Paul Chan, bar manager for the St Regis Bar Hong Kong, breaks the drink down for us. It combines London Dry gin (or vodka, on occasion), Italian citron and bergamot liqueurs, fresh lemon, cream, egg white, sugar and a splash of soda water. 'It's bright, fresh and creamy all at once,' Chan describes. 'You get this refreshing citrus kick from the Italian citron and bergamot, balanced by the botanicals of gin and a silky, almost dessert-like finish from the cream and egg white. There's a playful effervescence from the soda, and I think the drink really dances between being uplifting and indulgent.'
Those in the know recognise this ingredient and flavour profile as similar to the immensely difficult and visually stunning Ramos Gin Fizz, introduced by Charles 'Carl' Ramos in New Orleans in 1888. Apocryphally, Ramos and his team shook the drink for a total of 12 to 15 minutes along something of a cocktail assembly line. (Cocktails are normally shaken for around 20 to 30 seconds.)

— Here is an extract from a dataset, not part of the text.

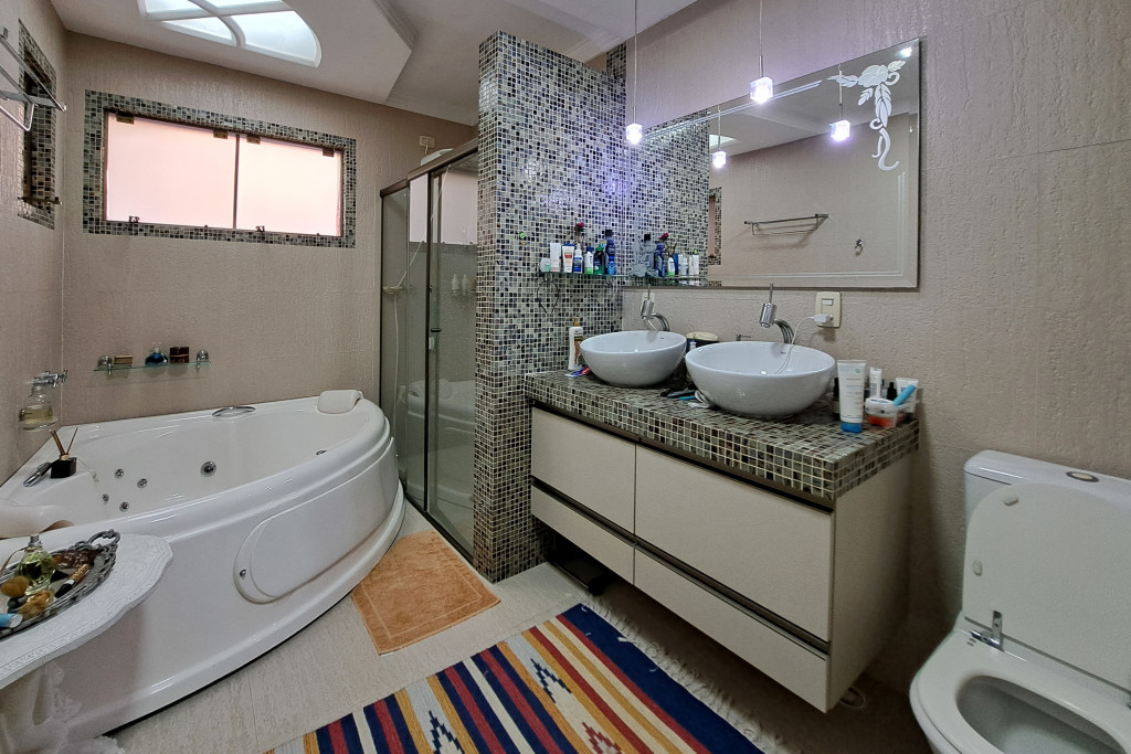 Belíssima casa COM SACADA, SUÍTE, MEZANINO, ESPAÇO GOURMET, 4 dormitórios sendo 3 suítes, sala de estar e jantar e tv, 5 banheiros, 4 vagas de garagem, banheira de hidromassagem, cozinha, lavanderia, quintal, espaços amplos e bem iluminado proporcionando conforto e bem estar.

Ritual Fizz from St Regis Bar Hong Kong's new menu Tickets to Ride on Trains & Trams. Photo: Handout
Modern methods are much less dramatic, but the drink still requires intricate preparation – dry shaking ingredients, then slowly pouring 2/3 of the mixture with soda before allowing it to settle in a fridge. If your physics and chemistry were correct, pouring the remaining ingredients should help the iconic foam head rise 'like a souffle', according to Difford's Guide.